Although one episode in the Syrian-Turkish conflict seems to have passed without producing much more than frayed nerves, the difficulties have only begun. The coming debate in the United Nations may only serve to push Syria even further into the Russian grasp, unless the United States reconsiders its policy in the Middle East.

At present American efforts in that area have either been completely misunderstood or understood all too well. Syria is convinced rightly or wrongly that the U.S. is supporting counter-revolutionary elements infiltrating the country in the hope of seizing power. If this concept is correct, and America is really engaging in melodramatic cloak-and-dagger activities, it is a sign of an unimaginative diplomacy and an imperialistic attitude. Neither are worthy of our State Department.

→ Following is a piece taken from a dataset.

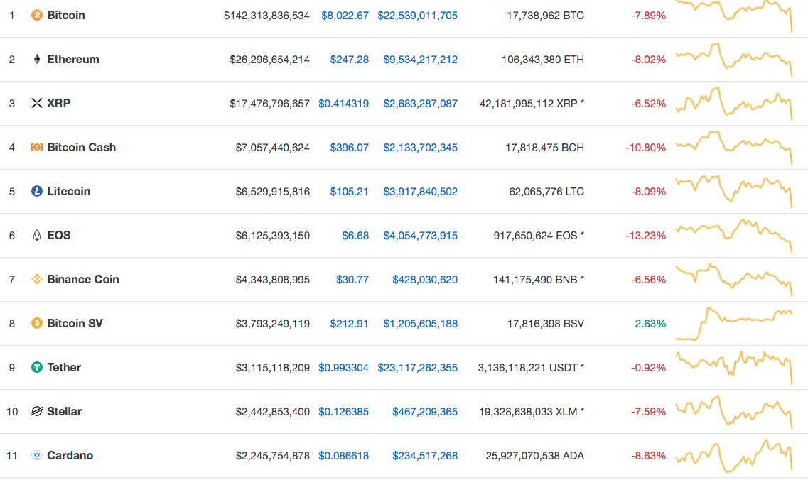 Có 82/100 đồng tiền giảm giá trong những đồng tiền hàng đầu theo giá trị thị trường. Ở chiều tăng giá, bitcoin SV dẫn đầu thị trường.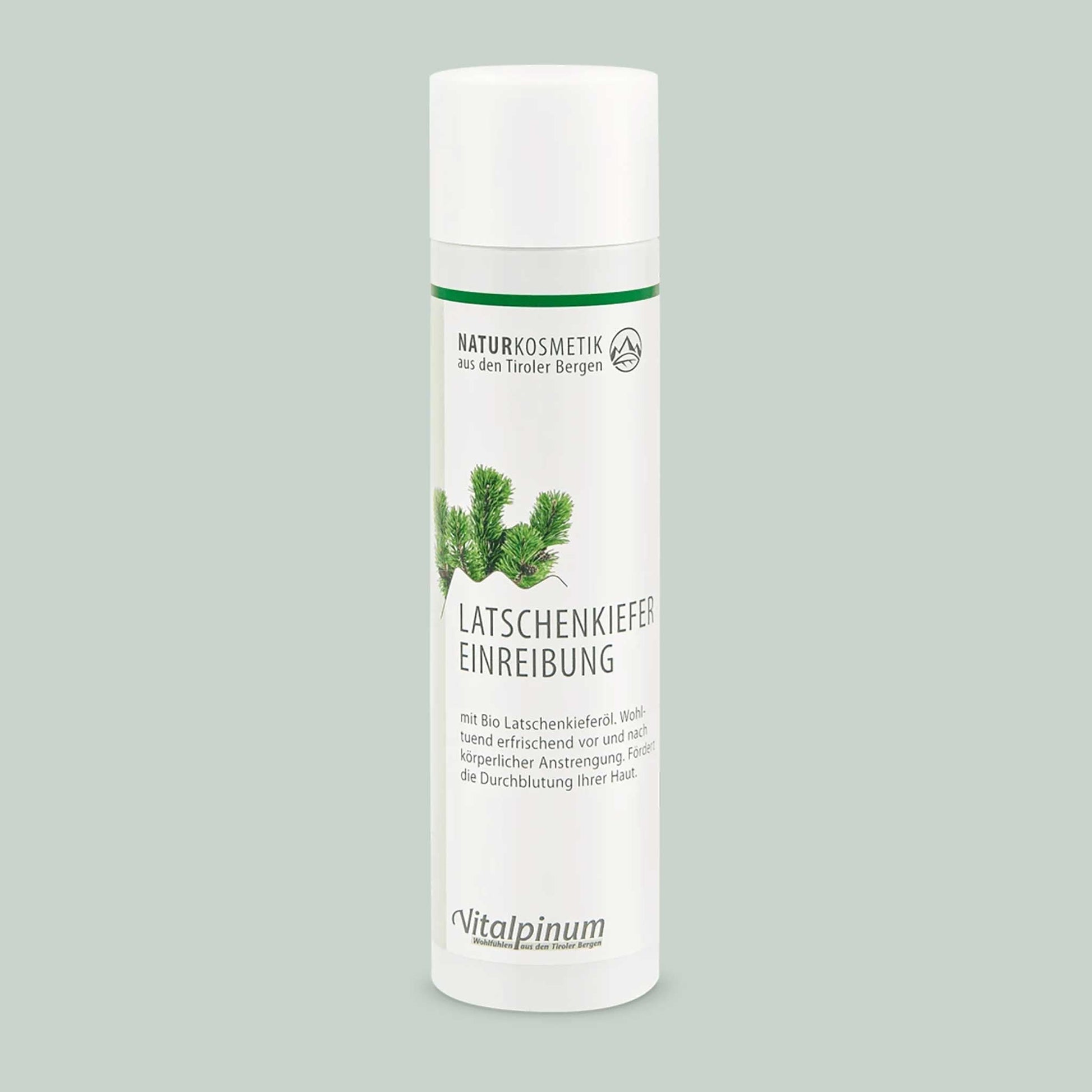 Die Latschenkiefer Einreibung von Unterweger – Die Marke der Natur ist ein bewährtes Hausmittel in moderner, zertifizierter Naturkosmetik-Qualität. Mit echtem ätherischem Latschenkieferöl (Pinus mugo) unterstützt sie die Durchblutung, erfrischt und hilft bei Muskelverspannungen und körperlicher Erschöpfung.

Assuming that the United States has no interest in the Middle East beyond assuring a steady flow of oil to Europe, there can be no excuse for attempting to overthrow any existing government. Syria is not dominated by Communists, only by nationalists, but any attempt to install an American-dominated government by force will certainly result in a pro-Communist reaction.

Certainly President Kuwatly and the military leaders who put him in power have no interest in letting Syria become a base for either Russian or American operations. The anti-colonialism in the Middle East expressed itself not in Communism, but in an assertion of Arab unity. It would be a major blunder if the United States appeared to be the enemy of this unity and allowed Russia to become its protector.

Syria's own persecution complex has been heightened in intensity by continuing American statements on the immorality of neutralism. The Syrians hear our diplomats say that if a country is not with us, it is against us, and the Syrians believe what they hear.

Until we substitute practical considerations and actions for what appears to uncommitted nations, our foreign policy will remain a failure. In the UN discussion a shift of attitude in favor of the neutrals will serve to ease not only Syrian tension, but strained relations throughout Asia and Africa.

The United States, by adopting a less self-righteous attitude towards the forms of government of nations and a more realistic concept of Western interests, can serve its own cause far better than by making "right conduct" the only standard of foreign policy. In Syria, particularly, a revision of our viewpoint can prevent Russia from gaining a sphere of influence in the Arab world.

Aside from dropping, for the moment at least, the sword of righteousness, the United States must increase its economic aid program in the Middle East. Economic stability is still the surest weapon against Communism. Syria and its neighbors are still vulnerable to Marxist doctrine, and only financial security can prevent its spread.

Until we substitute practical considerations and actions for what appears to be an attitude of hostile morality, we can make no progress towards stable relations with the Middle East.